## EXERCISE DESCRIPTION
Please write out exactly, without any picture, each line from the first in the listing through the line that includes "- Description: Medline".

══ SUPPLIED MATERIAL ══

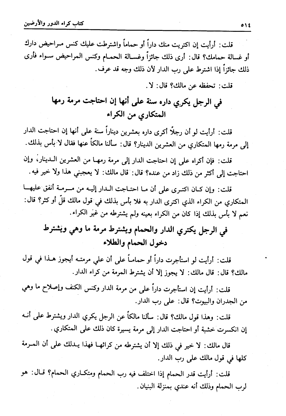 قُلْتُ: أَرَأَيْتَ إنْ اكْتَرَيْتُ مِنْكَ دَارًا أَوْ حَمَّامًا وَاشْتَرَطْتُ عَلَيْكَ كَنْسَ مَرَاحِيضِ دَارِكَ أَوْ غُسَالَةَ حَمَّامِكَ؟
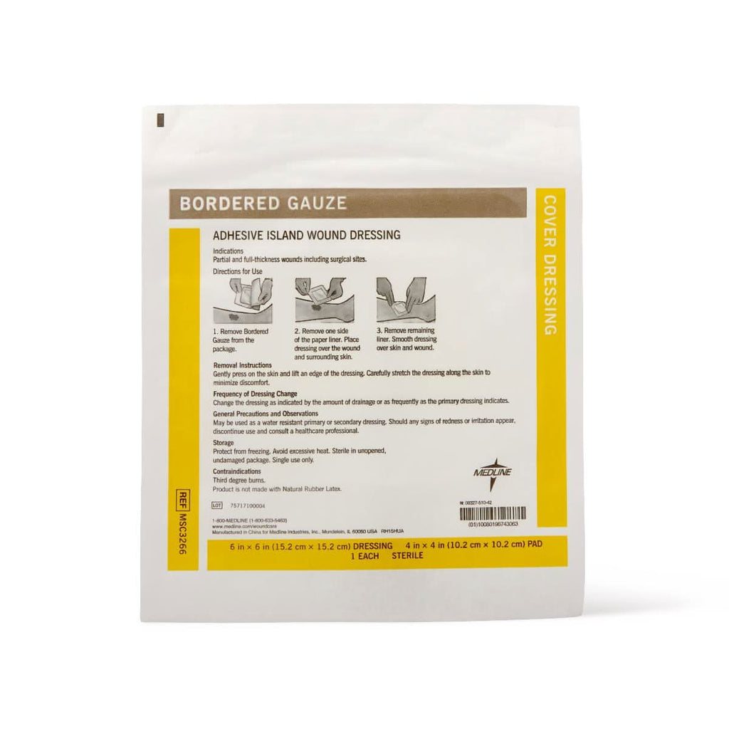 - Description: Medline Bordered Gauze: Medline Bordered Gauze is an absorbent island dressing constructed with a heavy-duty soaker and conformable, non-woven fabric adhesive backing. This product is the perfect dressing for surgical incisions, superficial lacerations, abrasions, stage I-IV pressure ulcers, partial and full-thickness wounds, infected and non-infected wounds. Sterile. 6" x 6", 4 1/4" x 4" pad.
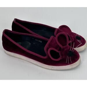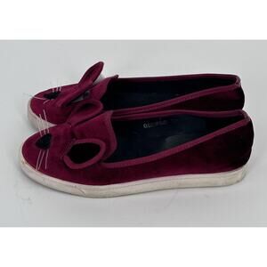 Adorable burgundy velvet Mouse with Whiskers Katie Judith Flats. Rubber sole, Sz 35. Preowned condition - see photos.
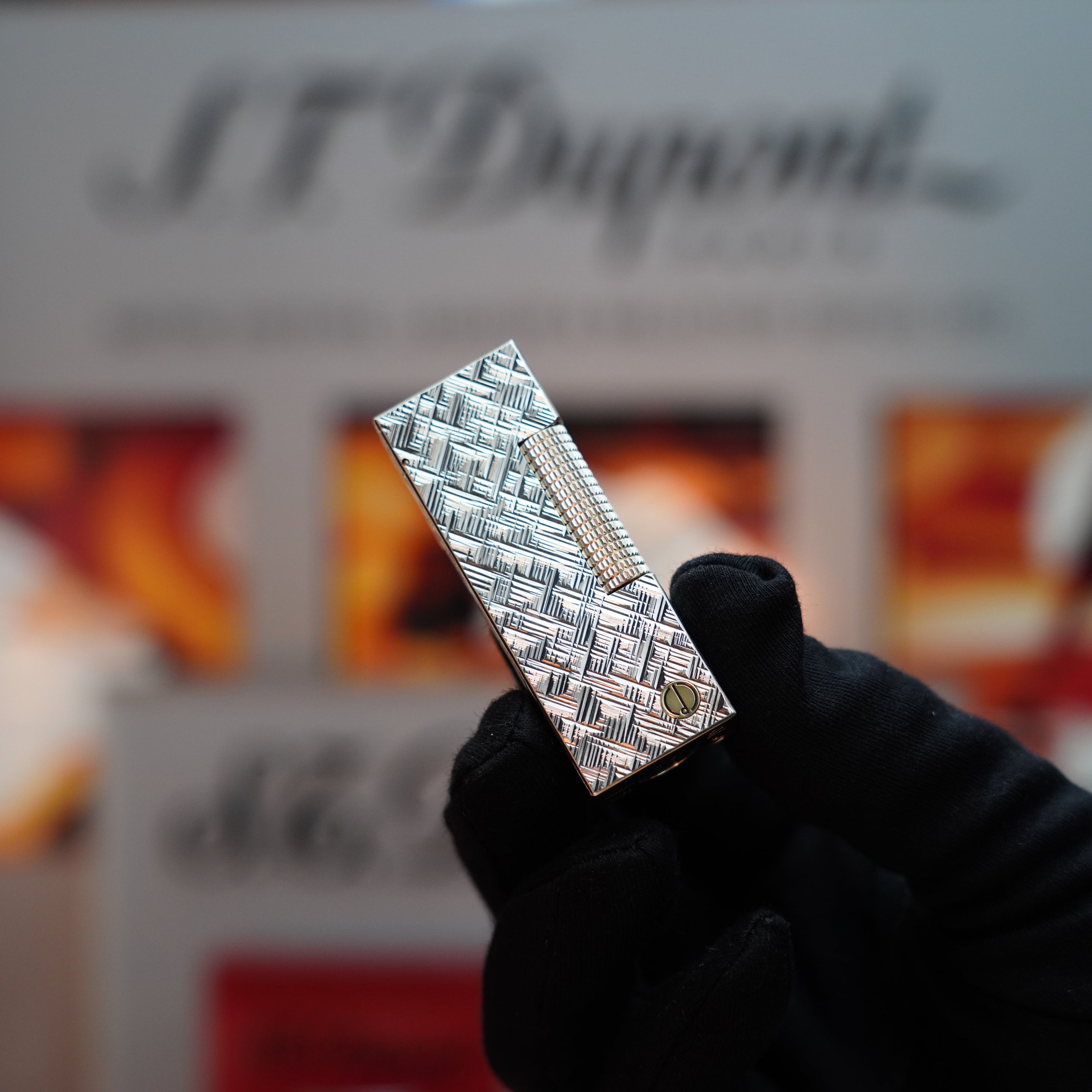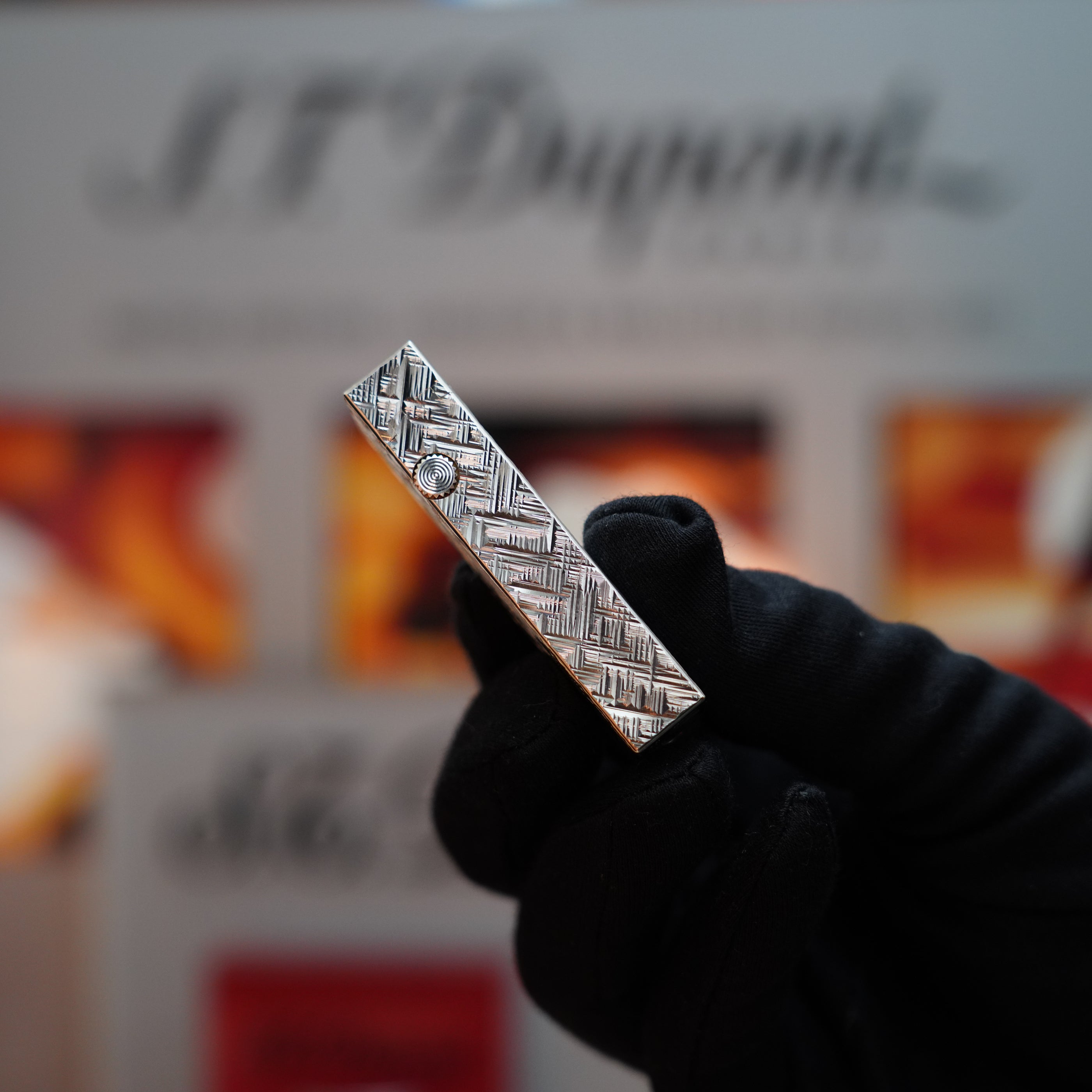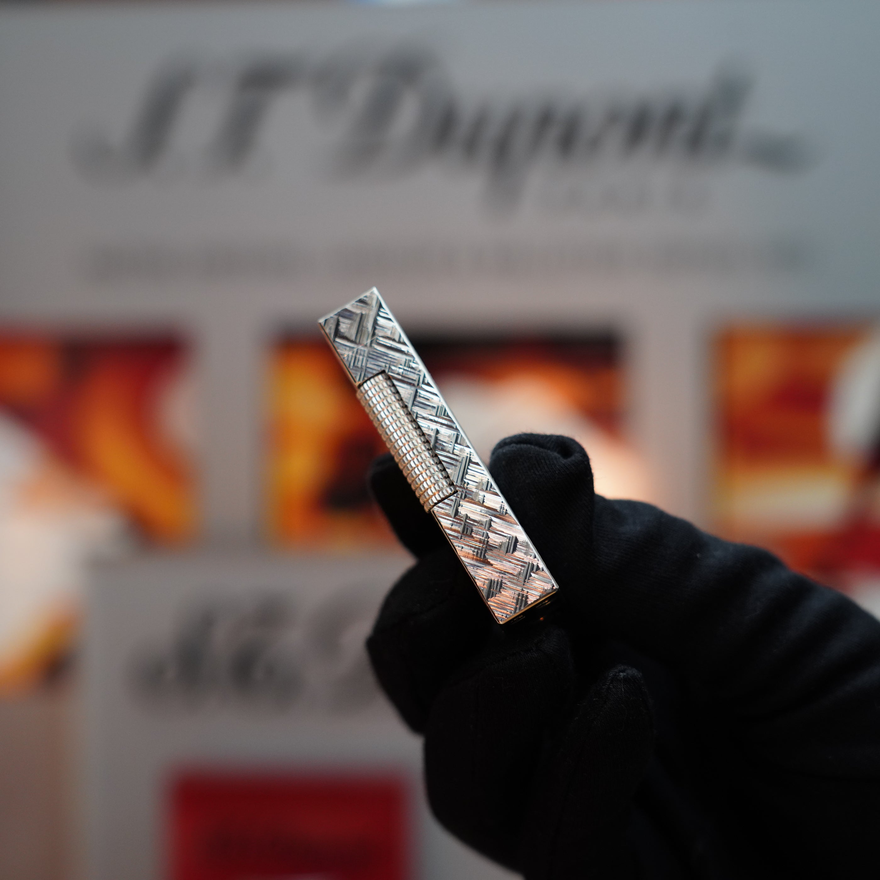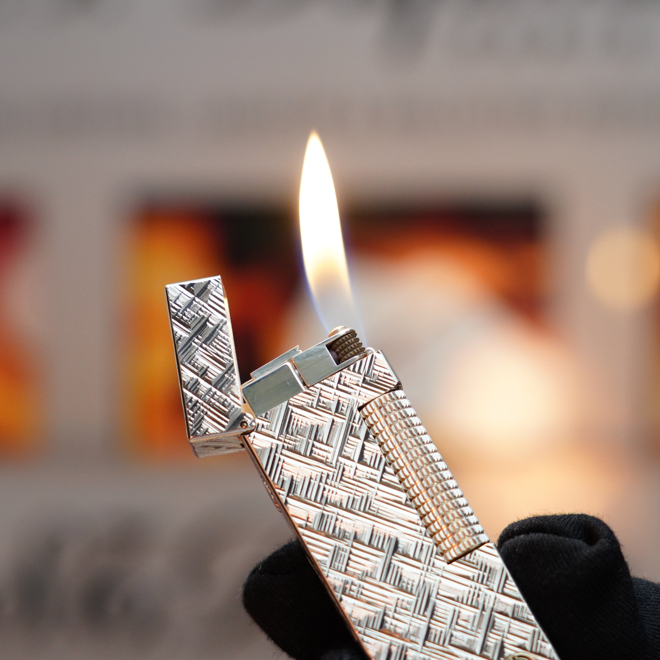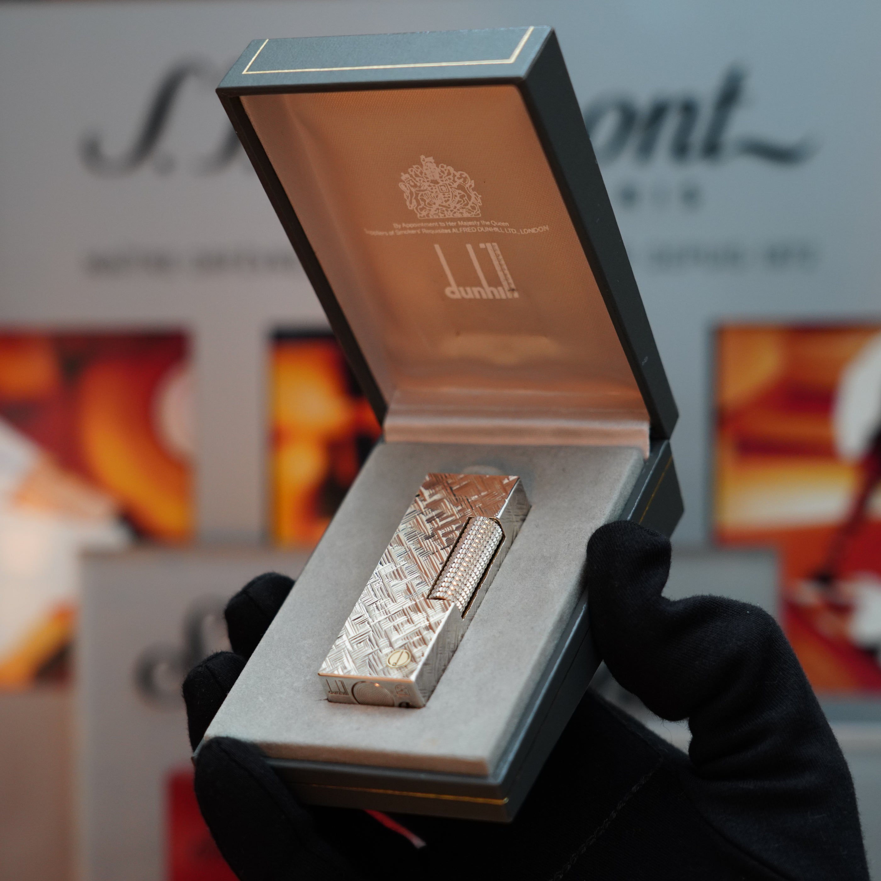This beautiful Vintage Dunhill D line Rollagas Cross Hatch Heavy Silver Finish rare Lighter was crafted in the 1980. It is a beautiful example of Rare D line Rollagas Series.

═══

## SOLUTION TO THE PROBLEM
 قُلْتُ: أَرَأَيْتَ إنْ اكْتَرَيْتُ مِنْكَ دَارًا أَوْ حَمَّامًا وَاشْتَرَطْتُ عَلَيْكَ كَنْسَ مَرَاحِيضِ دَارِكَ أَوْ غُسَالَةَ حَمَّامِكَ؟
 - Description: Medline Bordered Gauze: Medline Bordered Gauze is an absorbent island dressing constructed with a heavy-duty soaker and conformable, non-woven fabric adhesive backing. This product is the perfect dressing for surgical incisions, superficial lacerations, abrasions, stage I-IV pressure ulcers, partial and full-thickness wounds, infected and non-infected wounds. Sterile. 6" x 6", 4 1/4" x 4" pad.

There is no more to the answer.